GILBERT ROUX C'est vraiment un sujet passionnant, Pascal Lavielle, mais malheureusement, nous sommes arrivés au terme de ce podcast consacré donc au mandat de protection future. J'imagine qu'il y aura peut-être d'autres questions, n'hésitez pas à les poser via les boîtes mail que vous connaissez, et l'équipe de Pascal Lavielle se fera un plaisir d'y répondre.
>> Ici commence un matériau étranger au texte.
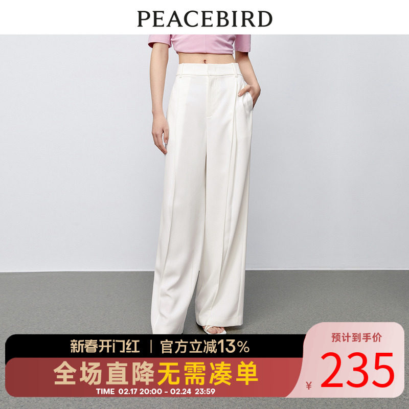 太平鸟女装高腰阔腿西装裤2023夏季宽松显瘦白色直筒裤A8GBD2102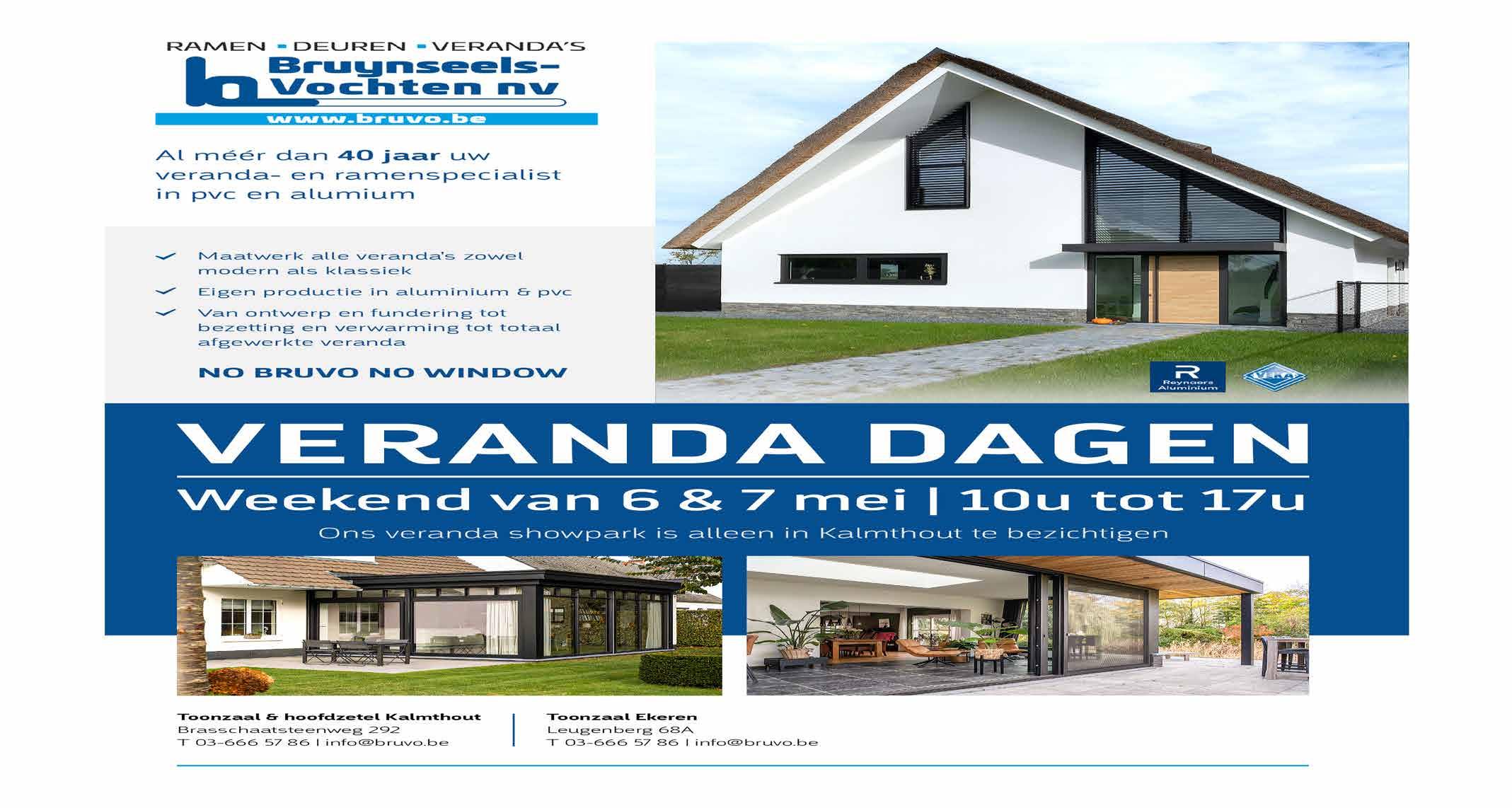 5 Eigenproductieinaluminium&pvc bezeingenverwarmingtottotaalToonzaal&hoofdzetelKalmthout Brasschaatsteenweg292 T03-6665786|info@bruvo.be ToonzaalEkeren Leugenberg68A T03-6665786|info@bruvo.be OPENDEURDAGEN Weekendvan25&26maart|10utot17u OnsverandashowparkisalleeninKalmthouttebezichtigen NOBRUVONOWINDOW Maatwerkalleveranda'szowel modernalsklassiek Eigenproductieinaluminium&pvc Vanontwerpenfunderingtot bezeingenverwarmingtottotaal afgewerkteveranda Alméérdan 40jaar uw veranda-enramenspecialist inpvcenalumium SPECIALE VOORWAARDEN Bezoek onze veranda dagen enkel in Kalmthout

On est d'accord, Pascal, là-dessus, vous répondez à toutes les questions qu'on vous pose ?

PASCAL LAVIELLE Tout à fait, au niveau des questions qui ont trait à l'ingénierie patrimoniale, ce sera avec le plus grand plaisir qu'on vous assiste, qu'on vous accompagne pour la réponse à ces questions.
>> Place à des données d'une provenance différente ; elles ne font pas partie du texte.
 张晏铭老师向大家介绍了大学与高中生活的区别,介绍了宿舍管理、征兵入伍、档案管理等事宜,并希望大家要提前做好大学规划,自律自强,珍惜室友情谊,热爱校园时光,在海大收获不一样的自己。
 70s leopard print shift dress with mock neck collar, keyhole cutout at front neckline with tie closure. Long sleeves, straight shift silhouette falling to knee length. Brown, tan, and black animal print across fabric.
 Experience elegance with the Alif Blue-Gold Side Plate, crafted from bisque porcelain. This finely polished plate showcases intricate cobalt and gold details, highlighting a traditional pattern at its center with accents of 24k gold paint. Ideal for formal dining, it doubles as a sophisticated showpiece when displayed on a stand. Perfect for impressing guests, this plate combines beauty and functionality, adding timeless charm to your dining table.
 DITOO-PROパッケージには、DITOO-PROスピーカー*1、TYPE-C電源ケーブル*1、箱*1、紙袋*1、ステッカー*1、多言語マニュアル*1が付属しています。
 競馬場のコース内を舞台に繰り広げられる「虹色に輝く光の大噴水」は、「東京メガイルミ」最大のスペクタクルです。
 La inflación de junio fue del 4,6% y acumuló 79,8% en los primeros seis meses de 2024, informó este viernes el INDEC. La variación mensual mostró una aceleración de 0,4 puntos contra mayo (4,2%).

GILBERT ROUX Très bien, merci en tous cas d'être venu nous en parler aujourd'hui, Pascal Lavielle et à très bientôt.

PASCAL LAVIELLE Merci.

GILBERT ROUX Et merci à vous d'avoir écouté les #RDVExperts. Si vous avez aimé l'émission, n'hésitez pas à la partager avec votre réseau, à donner des étoiles. N'hésitez pas non plus à nous faire part de vos remarques, de vos questions, mais aussi des sujets que vous aimeriez voir aborder sur les #RDVExperts.

Citation
Au regard de la gestion patrimoniale, les pouvoirs qui sont donnés au mandataire dans le mandat de protection future notarié sont plus importants même que les pouvoirs qui sont donnés au tuteur dans le cadre de la tutelle, parce que le mandataire de protection future peut faire tous les actes que le tuteur peut faire seul ou avec l'autorisation du juge des tutelles. Pascal Lavielle
 

Pascal Lavielle

Intervenant

Responsable du service ingénierie patrimoniale et support juridique de BNP Paribas Cardif depuis 2005, Pascal Lavielle intervient autour de 3 pôles d’activités : l’ingénierie patrimoniale pour accompagner les CGP dans leur activité ; la retraite supplémentaire et la fiscalité des produits d’assurance de personne. Il est également membre du Cercle des fiscalistes, membre de la Fédération Nationale du droit du Patrimoine et enseignant à Dauphine.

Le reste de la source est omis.